Use ZeRO to solve the Out-Of-Memory issue
Due to the limited memory on HPU device, it may fail to run a big model on HPU with default configuration (e.g. ZeRO0)
- Create a very big model with minGPT
Change the model type from gpt-nano to gpt2-xl
--- a/PyTorch/examples/DeepSpeed/minGPT/demo_ds.py
+++ b/PyTorch/examples/DeepSpeed/minGPT/demo_ds.py
@@ -146,7 +146,7 @@ for a, b in zip(x,y):
from mingpt.model import GPT
model_config = GPT.get_default_config()
-model_config.model_type = 'gpt-nano'
+model_config.model_type = 'gpt2-xl'
model_config.vocab_size = train_dataset.get_vocab_size()
model_config.block_size = train_dataset.get_block_size()
- Run minGPT with DeepSpeed ZeRO0
cd /path/to/Model-References/PyTorch/examples/DeepSpeed/minGPT
deepspeed demo_ds.py --deepspeed --deepspeed_config ds_config.json --use_hpu --steps 4 --dump-memory
There will be a OOM error from HPU SW stack like below:
...
RuntimeError: FATAL ERROR :: MODULE:BRIDGE Exception in Launch thread...

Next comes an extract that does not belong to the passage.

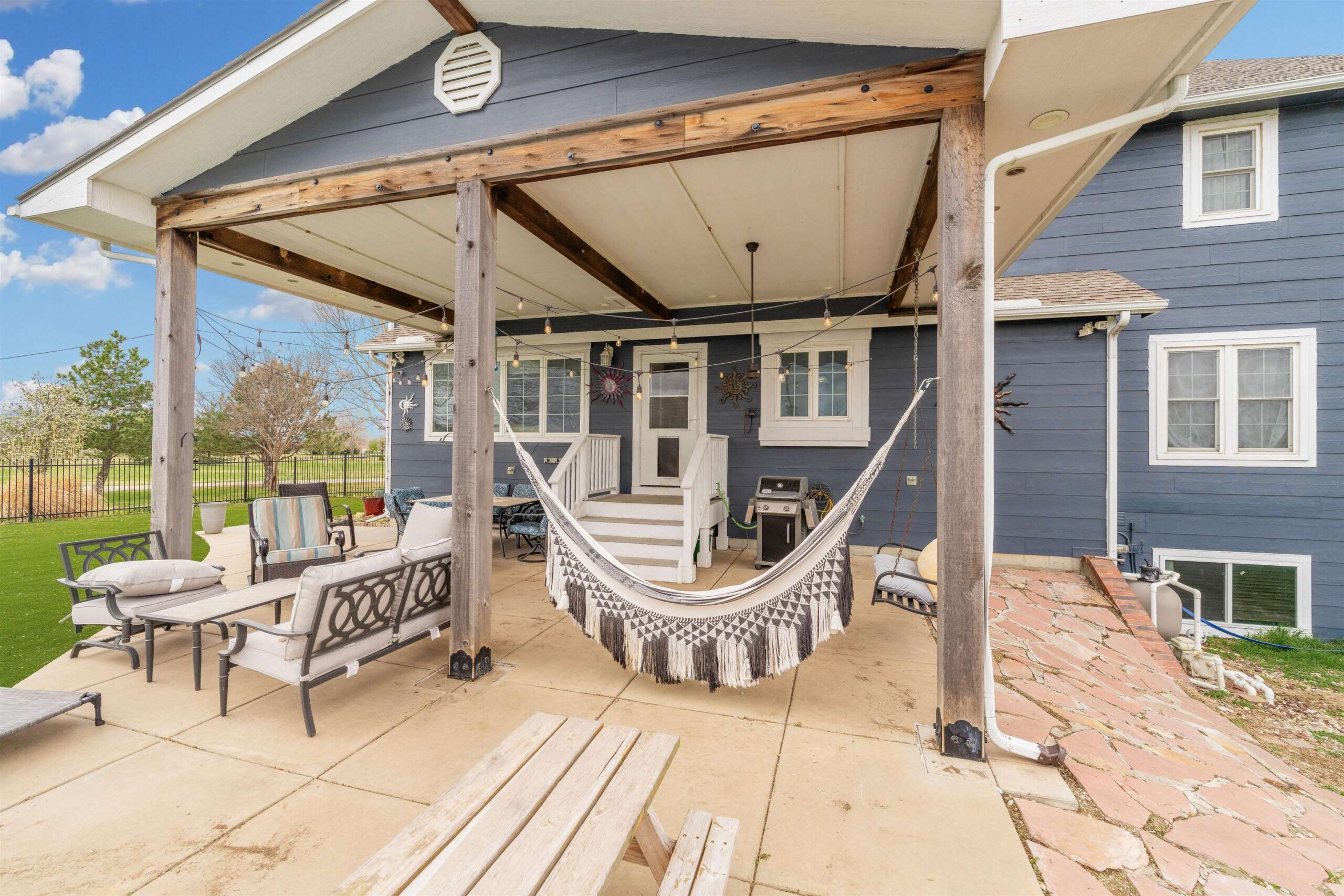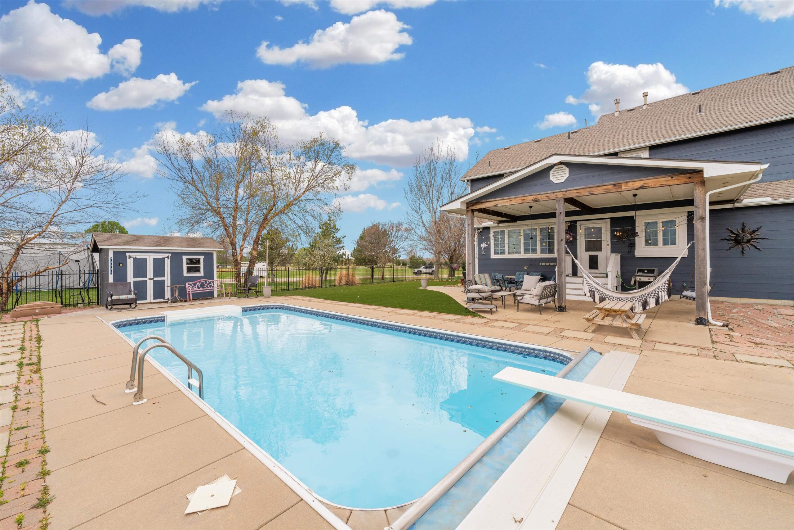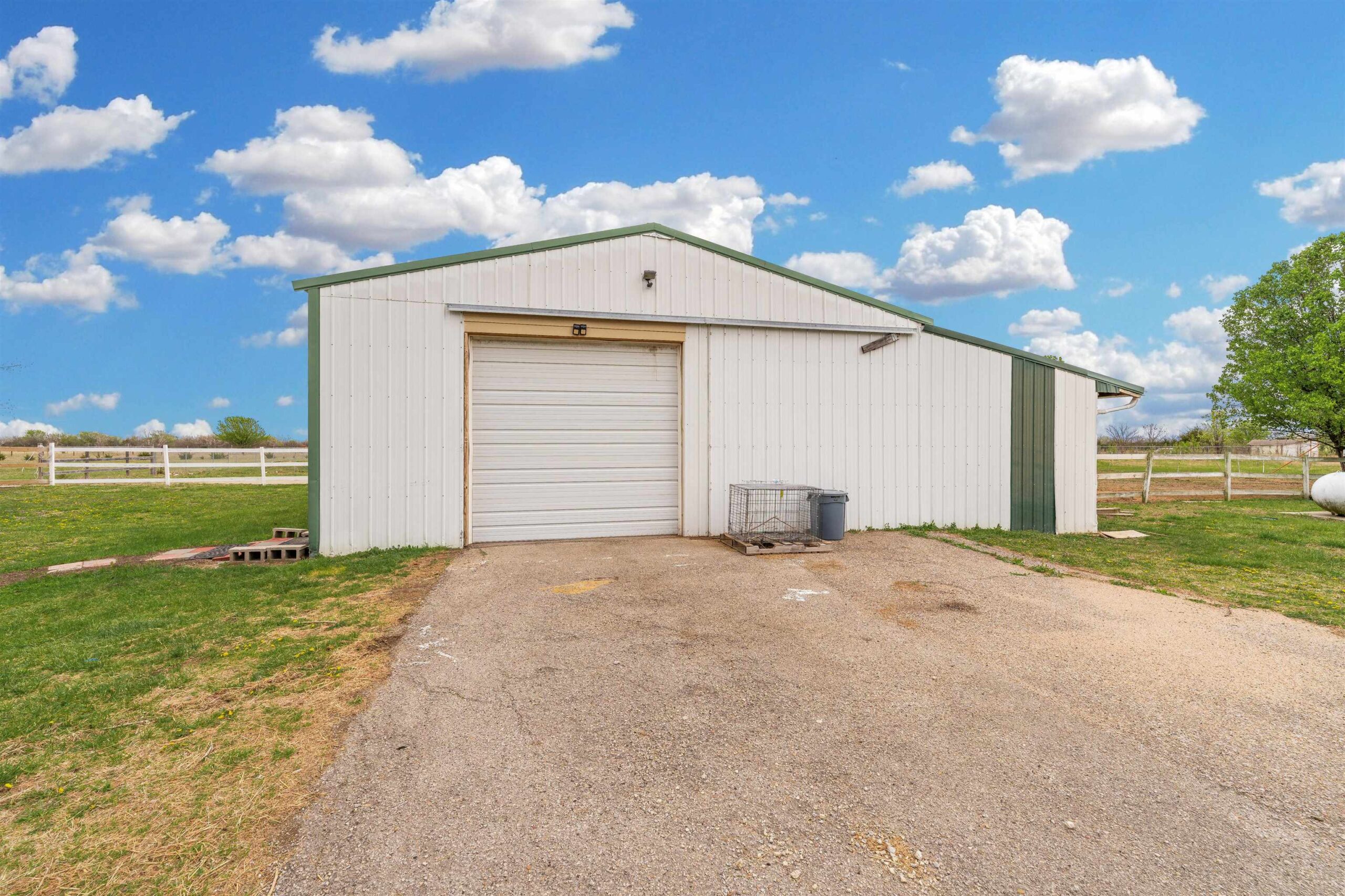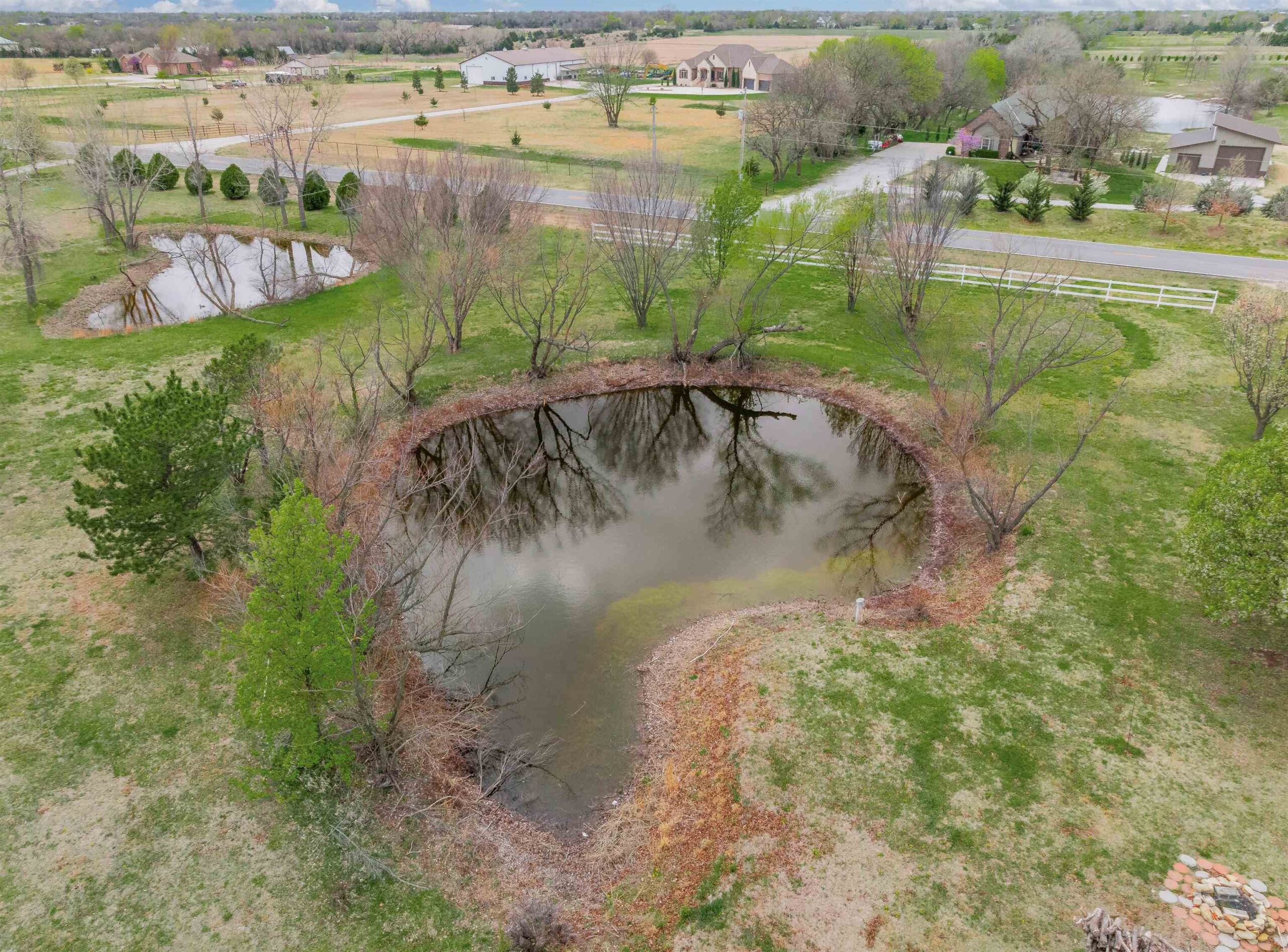 - Description: This 4/5 bedroom 3 ½ bathroom home is the perfect mix between modern farmhouse and rural Derby. The house is just minutes away from the grocery store and restaurants, but you feel like you are out in the country. This home begins to impress from the start. As you drive down the tree lined driveway there is a pond stocked with bass and fire pit on the south and a corral area that gives ample flat and enclosed area for exercising the horses or practice riding. When you pull up to the 2 story home, you will notice an amazing front porch to sit and enjoy the sunsets. As you enter the home there is an office/bonus room on the right and a formal dining room on the left. The large formal dining room is big enough for a very large table. Next to the dining room is a sitting room that carries a cozy feel for family and friends. The show piece of the main floor is the kitchen. The amazing kitchen boasts maximum storage space – huge pantry – granite countertops – and multiple cabinets with pullout drawers. All of the appliances stay as well as the new refrigerator and new washer and dryer. There is a half bath on the main floor. The living room has wood floors, fireplace, large picture window for natural light and an abundance of room. From the living room / kitchen area, there is access to the back yard that has a covered back patio, fenced in inground pool area, and pool equipment shed. The 4 bedrooms are all located on the upper level. The main bedroom is 16 ft x 16 ft with 2 closets – storage area – very spacious main bathroom with 2 sinks and separate tub and shower. The 3 additional bedrooms have lots of room for the kids or guests. The upper level bathroom has 2 sinks. Finished in the basement is a family/game room. There is also room for a kids play area and a TV / movie area. There is a full bathroom and laundry. The bonus room could easily be a 5th bedroom. Just remove the beverage center and convert to a closet. The room has an egress window. If that is not enough. There is a 40 x 50 working horse barn with tack room. There have been many upgrades completed to the barn as well as the pasture areas. They added a new well and pump – auto watering bowls for each stall – 3 indoor stalls – and fully enclosed chicken coop. The pasture area has 3 fenced paddocks with new fencing for rotation of livestock and any other animals. Do not miss this home. It has it all. Call me and set up your private showing today. Show all description

FATAL ERROR :: MODULE:DEVMEM Allocation failed for size::40960000 (39.0625)MB
- Run minGPT with DeepSpeed ZeRO1
cd /path/to/Model-References/PyTorch/examples/DeepSpeed/minGPT
deepspeed demo_ds.py --deepspeed --deepspeed_config ds_config_zero1.json --use_hpu --steps 4 --dump-memory
Via applying ZeRO technology, e.g. ZeRO1, the model can run successfully on HPU.